Mark Your Time, Hu-Mans!

Special Guest Commentary

by Waxulon-6, Lord High Admiral of the Kremulakian Earth Invaders

The Being Formerly Known as Congressman Henry Waxman (D-CA)

Attention Hu-Mans:

Mark your time! Behold the current heat readings of your atmosphere, which have now reached less than negative 40 in your Earth-degrees. Phase I of the Kremulakian conquest of your filthy pitiful orb is complete!

Foolish Hu-Mans, did you not suspect? It is now far too late for resistance. The planetary reign of the invincible Ice Beings of Kremulak can not be stopped, and thus I can now reveal all. And taunt your Earth-foolishness with delicious impunity! Ha ha ha!

When our scientist first discovered your planet 6.3 Kremulakian moon-orbits ago, I argued before the High Admiralty that it would be a suitable world for conquest and colonization. The Inner Council accused me of madness! They said we Kremulaks could never survive in your stupid planet’s hostile hot temperatures. They said our nostrils would mutate and explode under your intense atmospheric pressures. They said that Hu-mans would never vote us into their control councils.

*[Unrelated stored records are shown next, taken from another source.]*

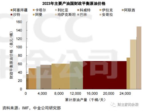 不光沙特是这样,全球主要原油出口国都有这问题,很多原油生产国的政府,就指望着卖油赚钱,维护财政平衡。有鉴于此,有研究机构就总结了2023年全球主要原油出口国维持财政收支平衡所需要的油价,这就叫“财政平衡油价”(见下图)。
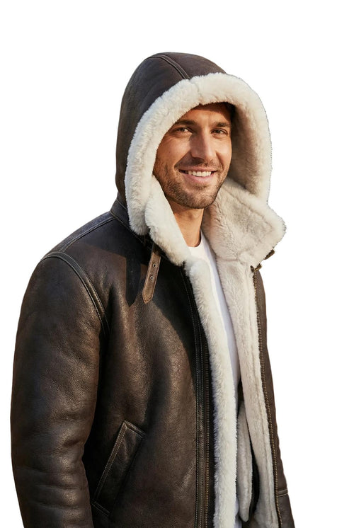 Classic Sheepskin B-3 Bomber Jacket Dark Brown White -
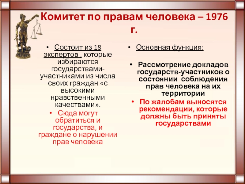По жалобам выносятся рекомендации, которые должны быть приняты государствами
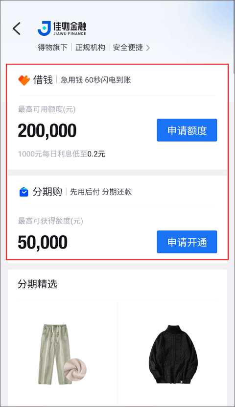 2、这里有20万和5万的分期购买额度,根据你自身的实际情况来进行开通。
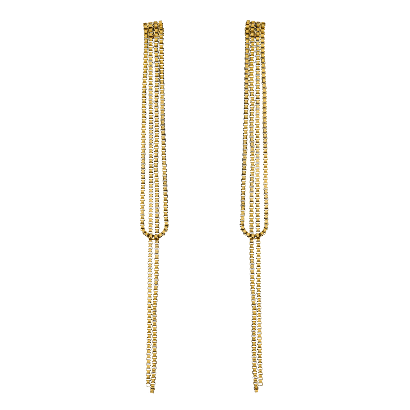 Aretes largos de cadenas finas con caída ligera y elegante. Su diseño en doble línea crea movimiento y un efecto estilizado.
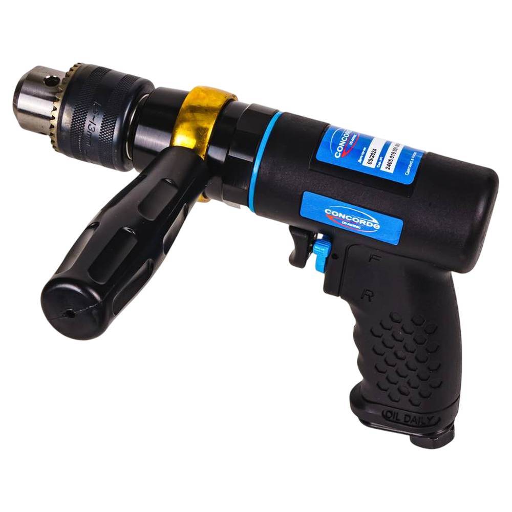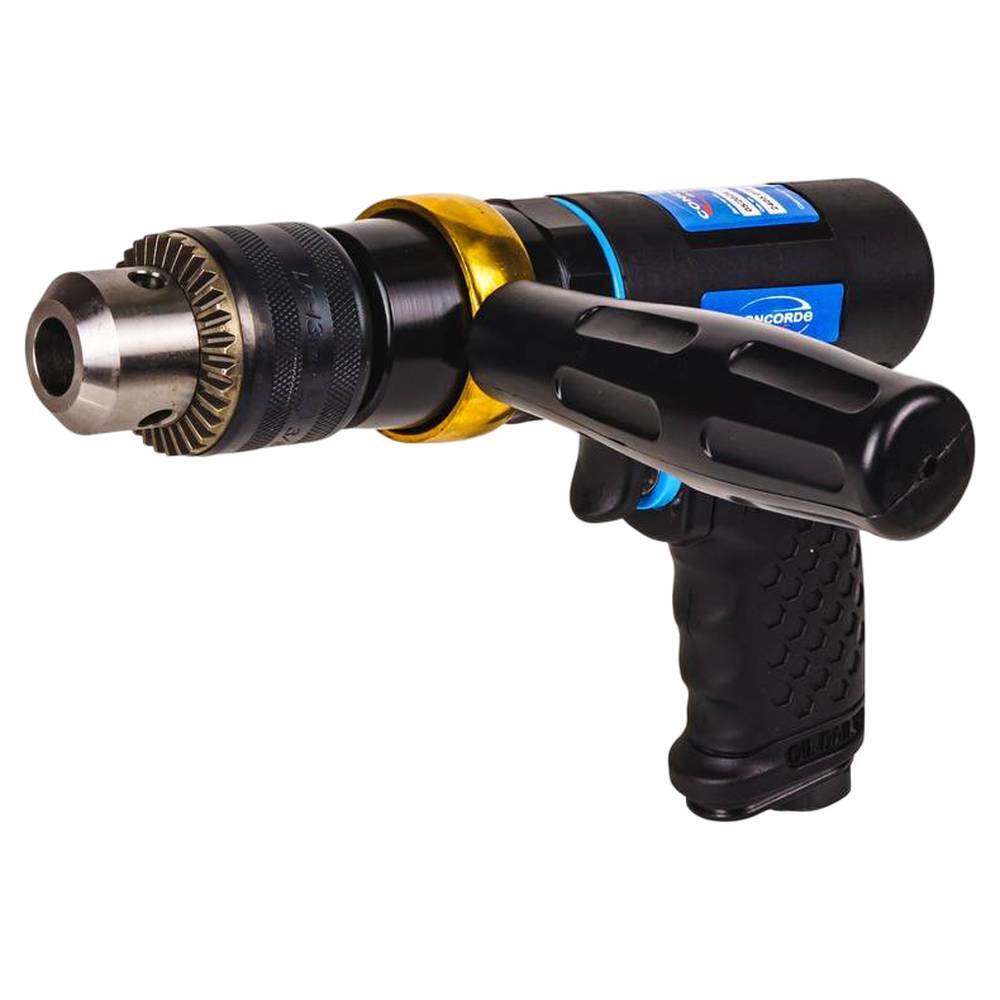Дрель пневматическая применяется для сверления отверстий в различных материалах. Рукоять с нескользящим покрытием (резиновая накладка), а также выступ на ее основании предотвращает выскальзывание инструмента из руки оператора.
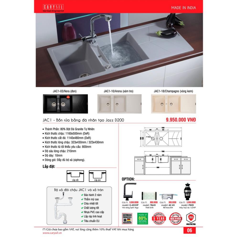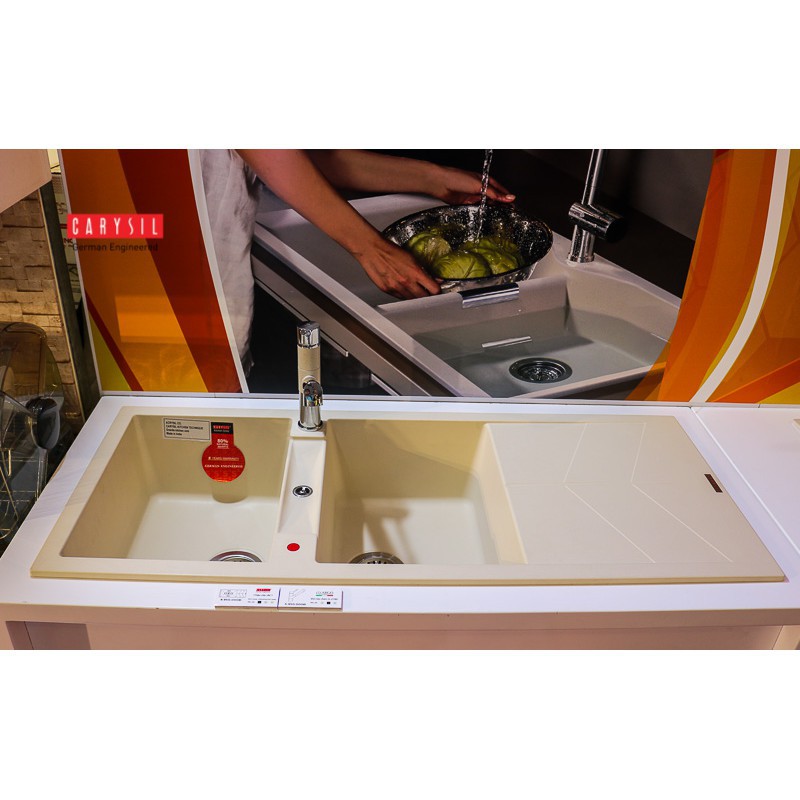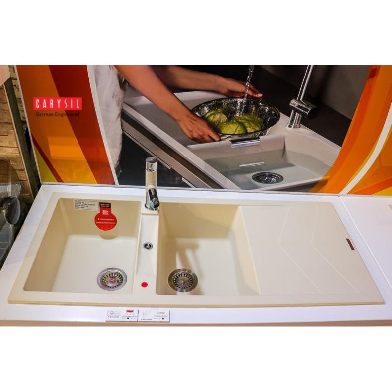 Nhà cửa & Đời sống > Dụng cụ & Thiết bị tiện ích > Chậu rửa & vòi nước || Chậu Rửa Chén Carysil Đá Granite 2 Hố Có Cánh JAC1-18 - Màu Vàng KemCòn hàng

Fools! I wagered Supreme Overlord Gromfnorg-0 himself that not only would I survive, but that I would win quick election to your Earth Commerce and Energy committee — without even using my visual cloaking device! Little did he know that I, Lord Waxulon-6, had been carefully monitoring your Earth-frequencies and Earth-internet and Earth-basic cable news, and had discovered the outpost which you Hu-Mans call “San Francisco.” Needless to say, my little bet has paid off handsomely — winning me over 6000 Kremulakian trading crystals.

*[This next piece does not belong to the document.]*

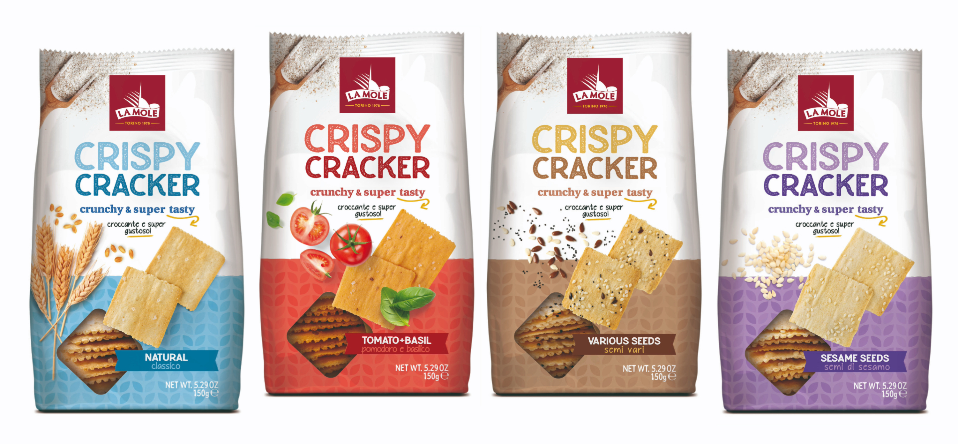 Our flavors are: natural, tomato and oregano, various seeds and sesame.
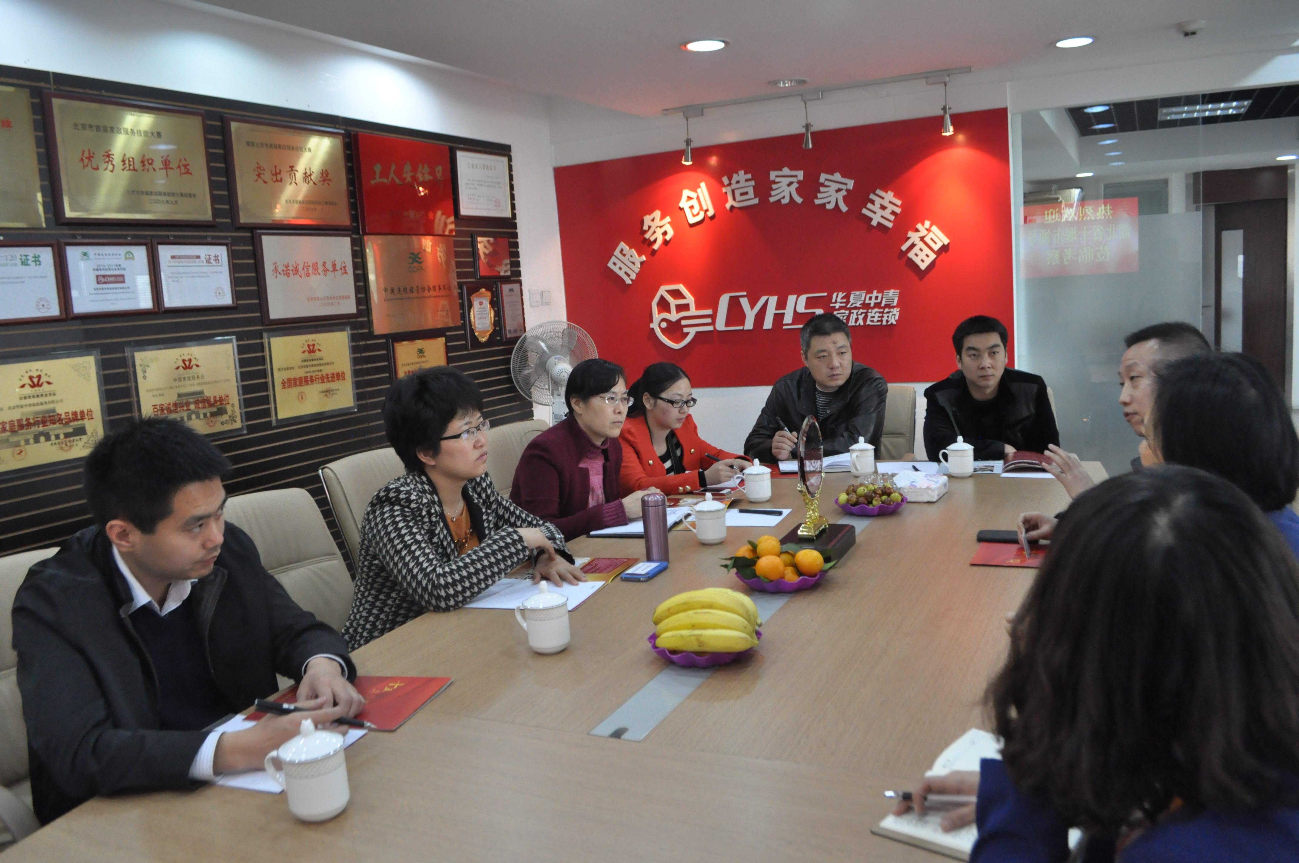 2013年11月6日上午,湖北省十堰市茅箭区区长周庆荣率考察团对华夏中青连锁管理总部进行考察,并与华夏中青总部赵铁城总监等有关负责人就开展家政培训、人员输转、养老等进行交流座谈。

Victory over you puny race was even easier than I anticipated. In fact, the only resistance I encountered was on the invasion-saucer voyage, when Pelosicon-8 and Obamulak-3 kept trying to recalibrate the music-frequencies. And the impudent weak-glanded Algor-11, who needed to make biowaste stops at every refueling station between here and the Antares subcluster.

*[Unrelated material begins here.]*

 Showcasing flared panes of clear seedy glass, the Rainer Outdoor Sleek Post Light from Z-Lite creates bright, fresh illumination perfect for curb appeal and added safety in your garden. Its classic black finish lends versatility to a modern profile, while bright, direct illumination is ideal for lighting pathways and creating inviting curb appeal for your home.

When our saucers landed in the land you call “Berkeley,” our first encounter with Hu-Mans were the ones you call “hippie panhandlers.” Their waste products contained small quantities of the fresh ammonia we need to survive, but not enough to sustain a major Kremulakian colonization. But soon I discovered a native resource that would sustain us for hundreds of moon-orbits: your delicious Earth-dollars!

Soon the panhandling Hu-Mans introduced us to a more advanced species: the ones you call the “douchebags.” How easily they were frightened by Algor-11’s PowerPoints. How easily they were mesmerized by Obamulak’s soothing soundwaves. In less than a single moon-orbit, we had mobilized them as mindslaves to demand reduced Earth-heat for the next wave of Kremulakian invaders! And all for a few tickets to Obamulak’s inauguration festival!

Ha ha ha! Your Earth-douchebags are so stupid… stupid… STUPID!!

Phase I of our plan is complete. In Phase II you will turn over your delicious Earth-dollars to the Kremulakian Carbon Revenue Service. In Phase III, our tractor beams will relocate your planet to a more pleasing solar distance. In Phase IV, colonization and spawning.

This is your warning! Do not attempt to resist, for your insolence will be revisited a thousandfold with heavy late filing penalties and interest. Hu-Mans who cooperate will be allowed to toil in the ice mines and assist with our Kremulakian breeding and birthing ceremonies. Await further instructions on your assignment. You are now commanded to wear your heavy garments and ski masks to increase your probability of survival. And because we Kremulaks find your Hu-Man forms hideous!

Cry your tears now, Hu-Mans! Although I take great pleasure in your lamentations, I grow weary and must return to my cryo-pod before I evaporate further. And boy, I have to make gasoline like a race horse.